◆ What to do:
Please return only the lines from the one with "The problem being" through the final line of the data, unchanged, with pictures omitted.

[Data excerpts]
- Opening Delimiter -

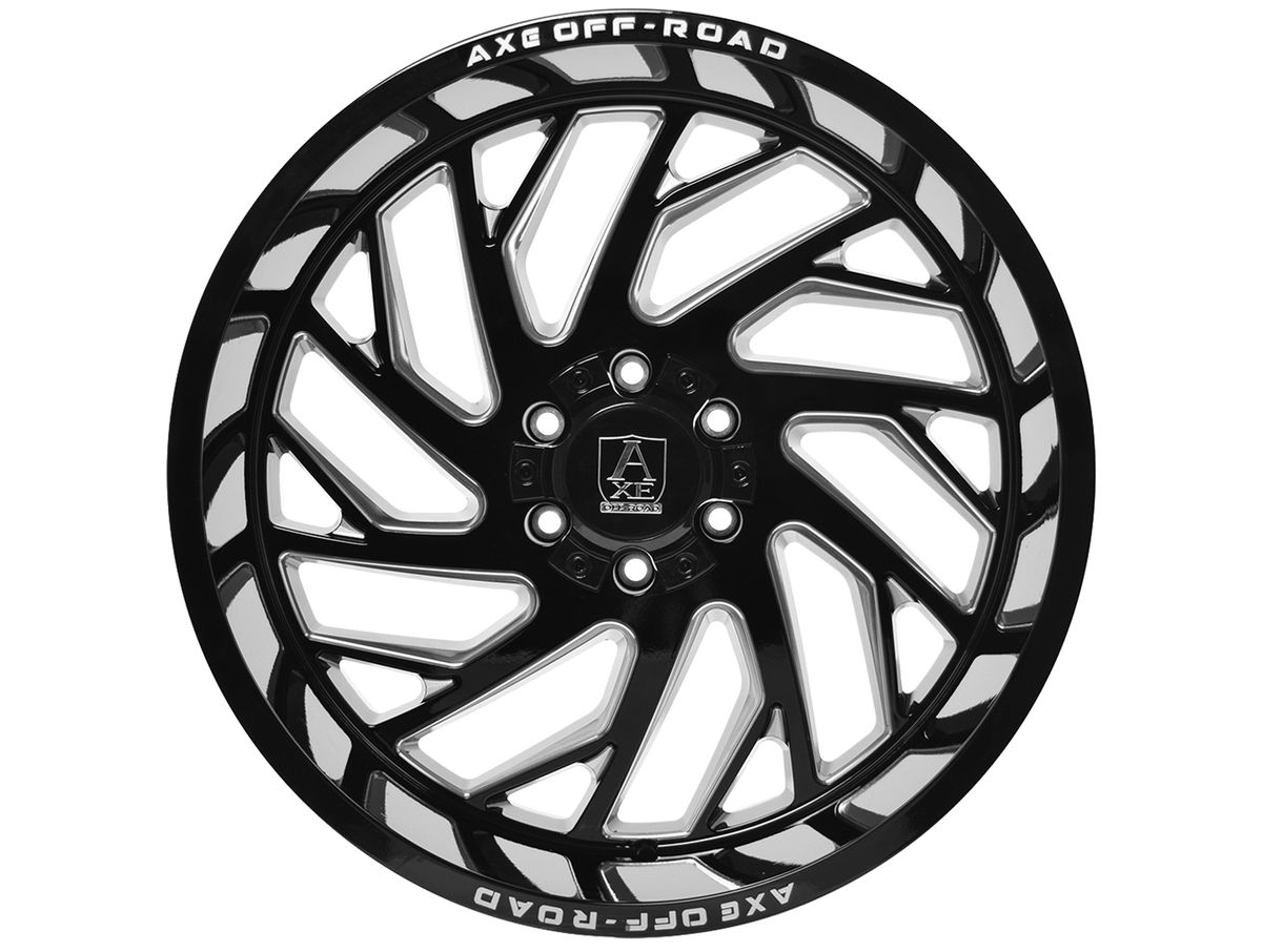 Constructed to last, these wheels are made of a durable, one-piece cast aluminum. The wheel is then covered in a gloss black finish that is offset with Axe Offroad engraved into the flange. The center cap is adorned with the Axe logo to top off the look.
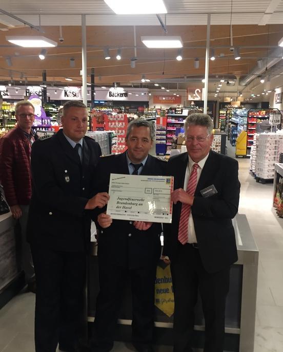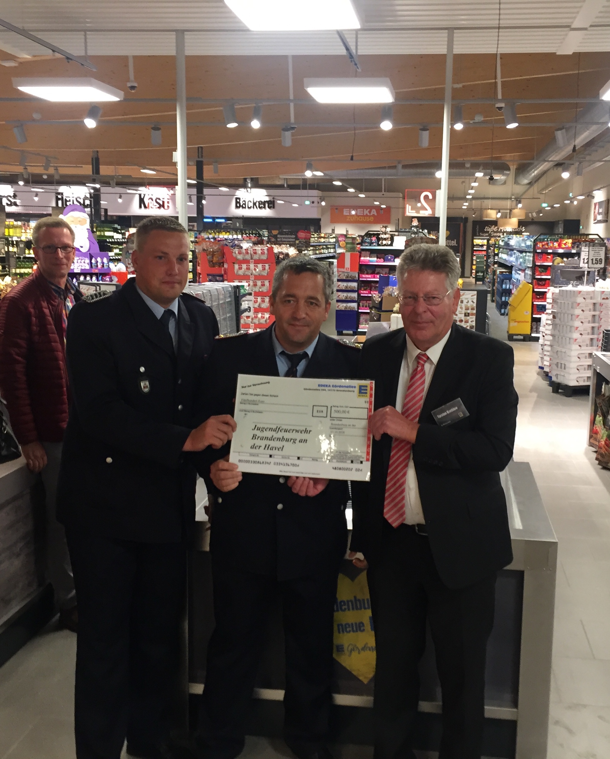 Edeka-Vertriebsleiter Torsten Krethlow unterstrich in seiner Begrüßungsrede das soziale Engagement von Edeka und überreichte dem SOS-Kinderdorf und der Brandenburger Jugendfeuerwehr einen Spendenscheck i.H.v. jeweils 500 EURO.
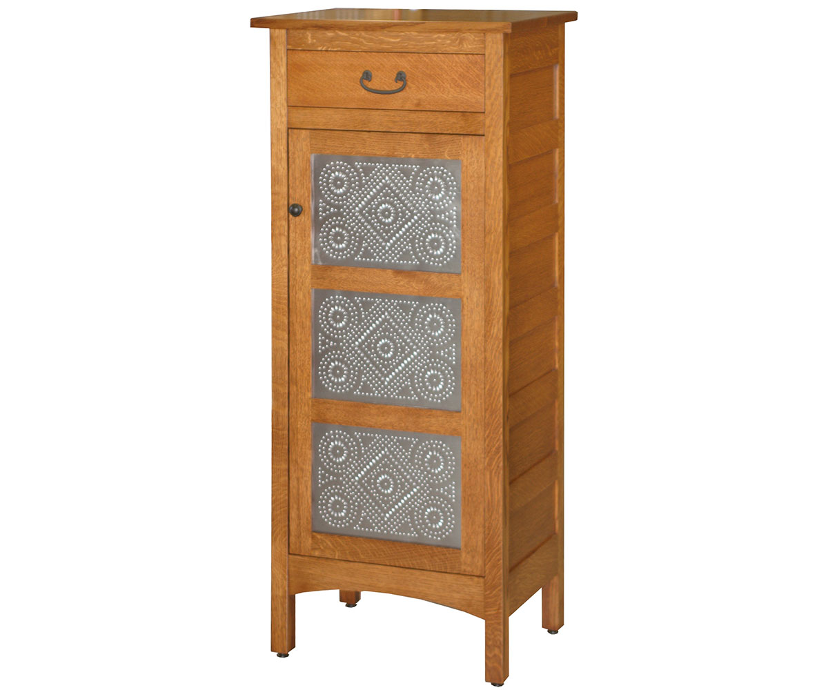 • Reversed panel wood door in place of the tin
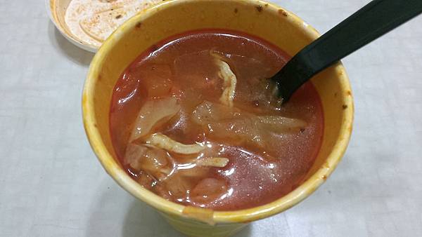 蔬菜濃湯: 喝起來偏酸,跟一般義式餐廳的蔬菜湯口感差不多,唯一不同的是,竟然有加雞肉絲!!
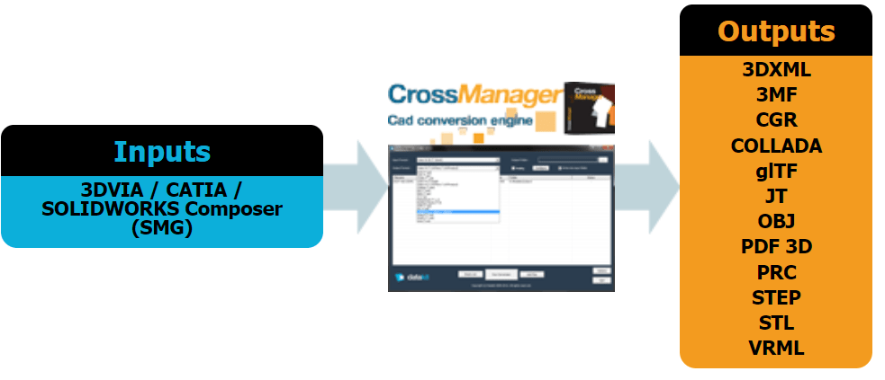 3dxml files are typically created as exports from dassault systemes' 3dexperience application. Target format contains polygonal information. Geometric transformation is simple and will not take much time. 3dxml files are typically created as exports from dassault systemes' 3dexperience application.. Geometric transformation is simple and will not take much time.
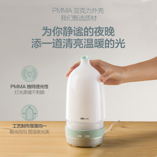 体型小巧轻盈,摆放灵活更省空间。水雾散发快,不易弄湿地板。灯光柔和不刺眼,睡眠质量更佳。选材优质,耐受腐蚀。
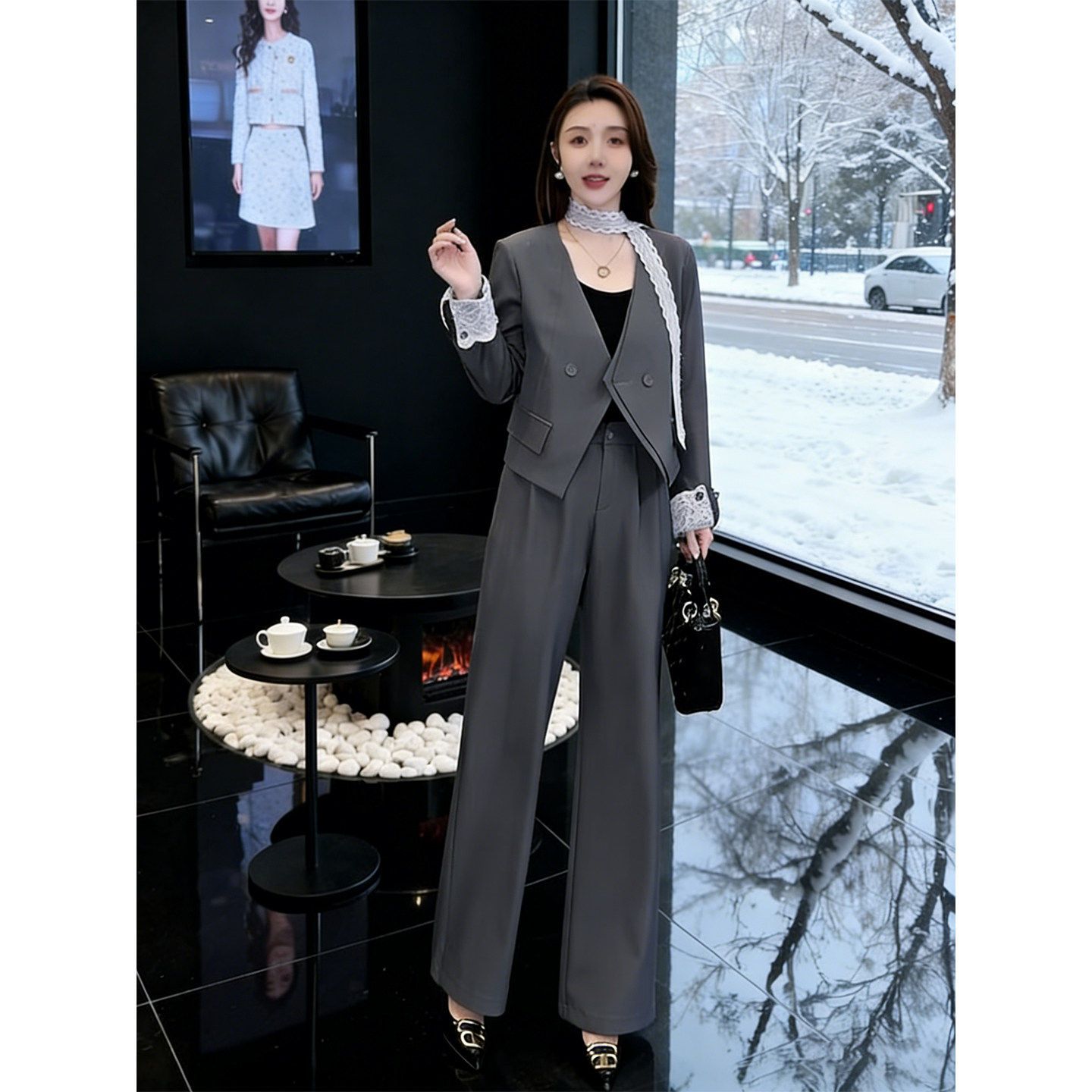 2026春季新款大码女装老钱风西装套装女胖mm宽松休闲阔腿裤两件套
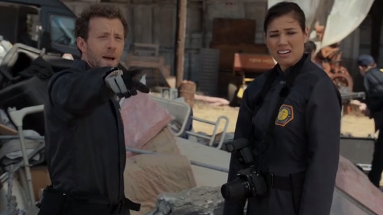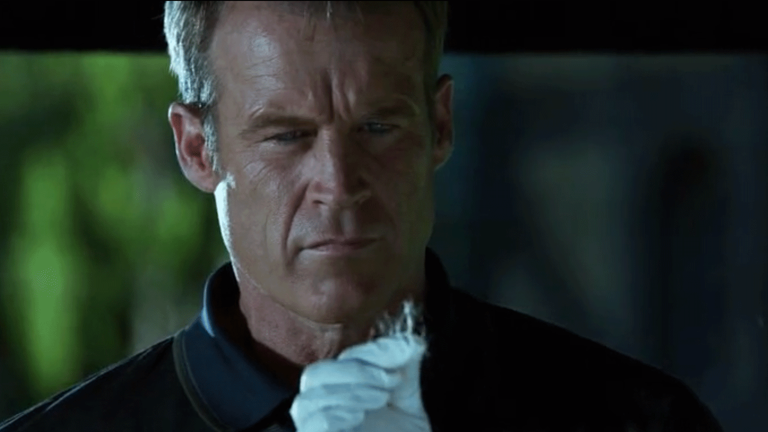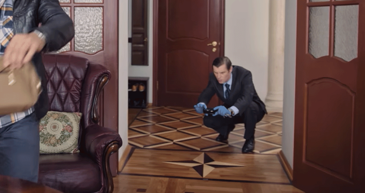 Зато тут в руках у героя профессиональная камера с кольцевой вспышкой, что плюс. Однако минус в том, что снимает он не по правилам криминалистической фотосъёмки: не перпендикулярно плоскости объекта и без масштабной линейки.
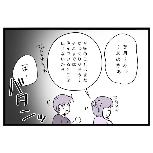 「美月・・あっ・・あのさぁ」タクヤに声をかけられ、「今後のことはまたゆっくり話そう・・それまでは住んでいるとこは伝えないから。ちゃんと考えてね」と言いながら歩き出すと、「まっ・・」と止めようとするタクヤを振り払い、バタンとドアを閉めました。
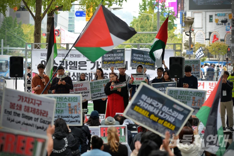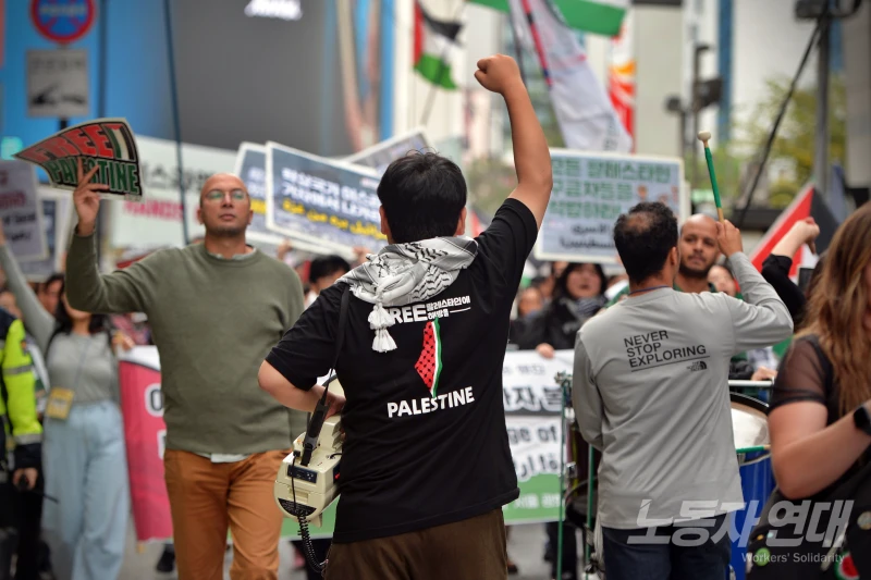 휴전이 위태롭게 이어지고 무기를 내려놓으라는 압박이 하마스에 가해지는 가운데 팔레스타인 저항과 연대하는 목소리가 서울 도심에서 울려퍼졌다.
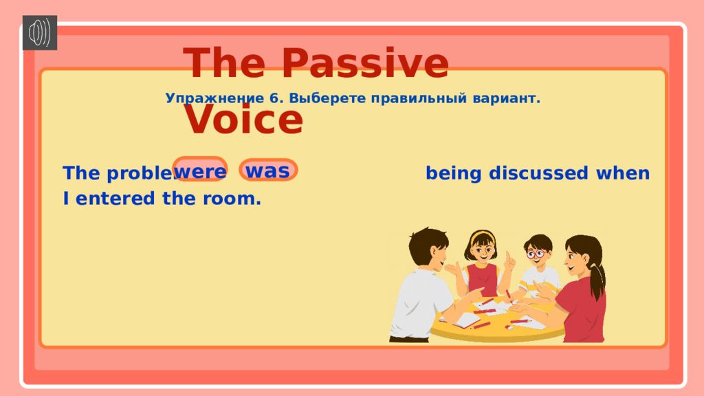 The problem being discussed when I entered the room. were was The Passive Voice Упражнение 6. Выберете правильный вариант.
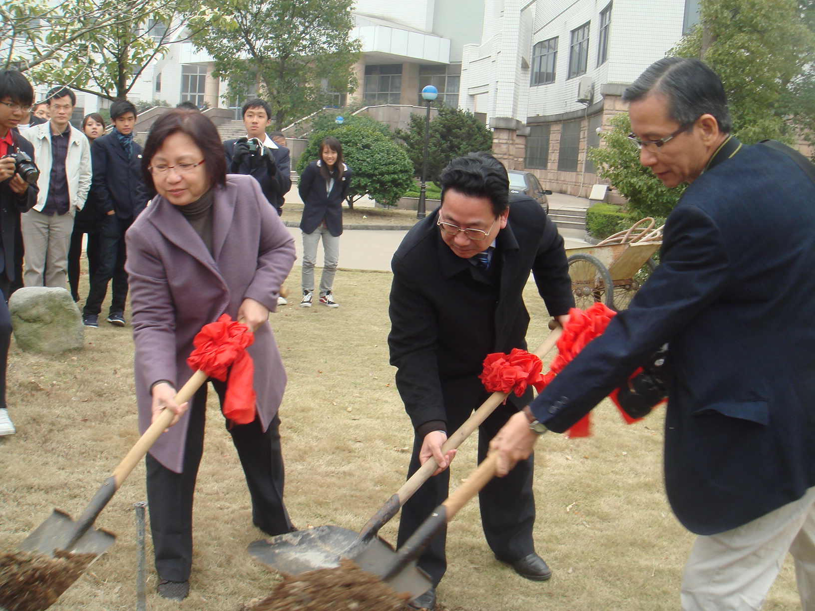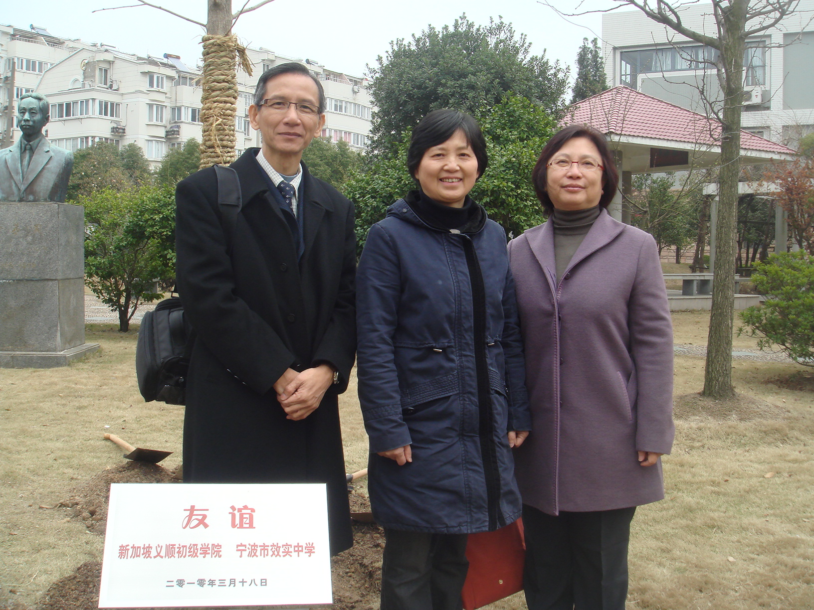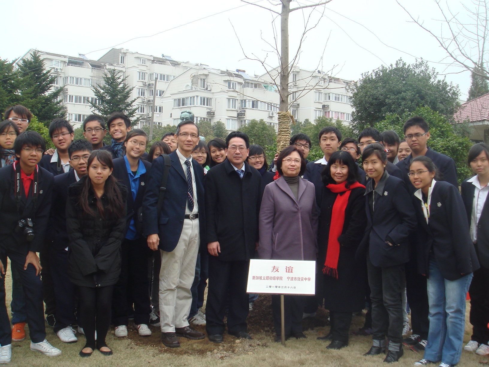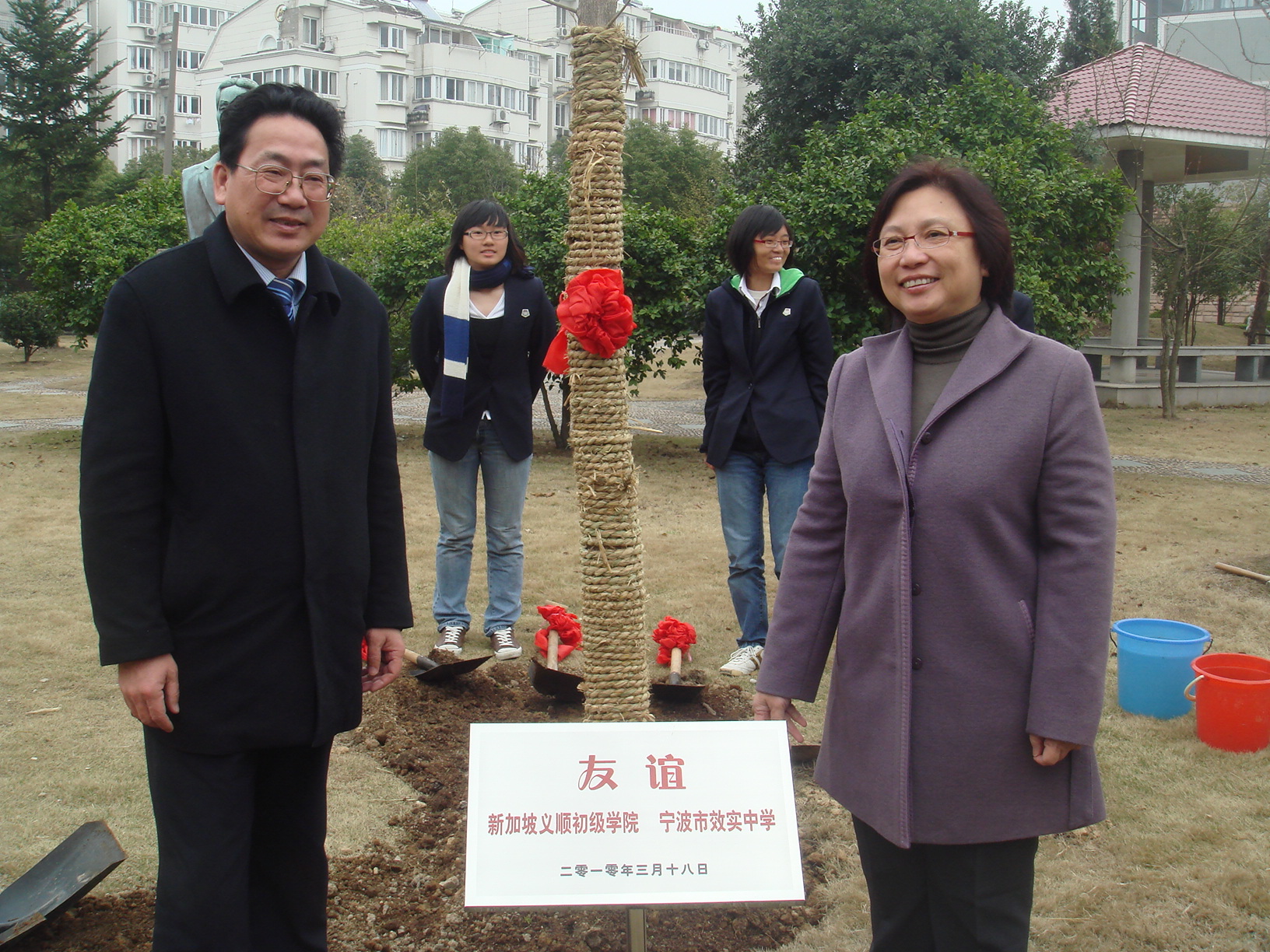 随后,义顺初院的院长许迪秀女士也专程来到我校访问,并与我校校长章才根共同签署了新的交流协议。两校虽然都经历了校长的更替,但相互间的友好交流和合作将源远流长。为此,两位校长和新加坡的学生共同在效实园里种下了校树---银杏。尽管乍暖还寒,这棵树才刚吐新芽,但它承载着两校六年的友谊和对未来的共同的期盼,一定会绽放出最绚丽的“花朵”。这也是我校与友好学校共同种下的第四棵友谊树。之前,已经有分别刻着德文、法文和英文“友谊”的树在此扎根,分别代表我校在德国、法国和香港特别行政区的三所友好交流学校。

- Closing Delimiter -

◆ Answer section:
 The problem being discussed when I entered the room. were was The Passive Voice Упражнение 6. Выберете правильный вариант.
 随后,义顺初院的院长许迪秀女士也专程来到我校访问,并与我校校长章才根共同签署了新的交流协议。两校虽然都经历了校长的更替,但相互间的友好交流和合作将源远流长。为此,两位校长和新加坡的学生共同在效实园里种下了校树---银杏。尽管乍暖还寒,这棵树才刚吐新芽,但它承载着两校六年的友谊和对未来的共同的期盼,一定会绽放出最绚丽的“花朵”。这也是我校与友好学校共同种下的第四棵友谊树。之前,已经有分别刻着德文、法文和英文“友谊”的树在此扎根,分别代表我校在德国、法国和香港特别行政区的三所友好交流学校。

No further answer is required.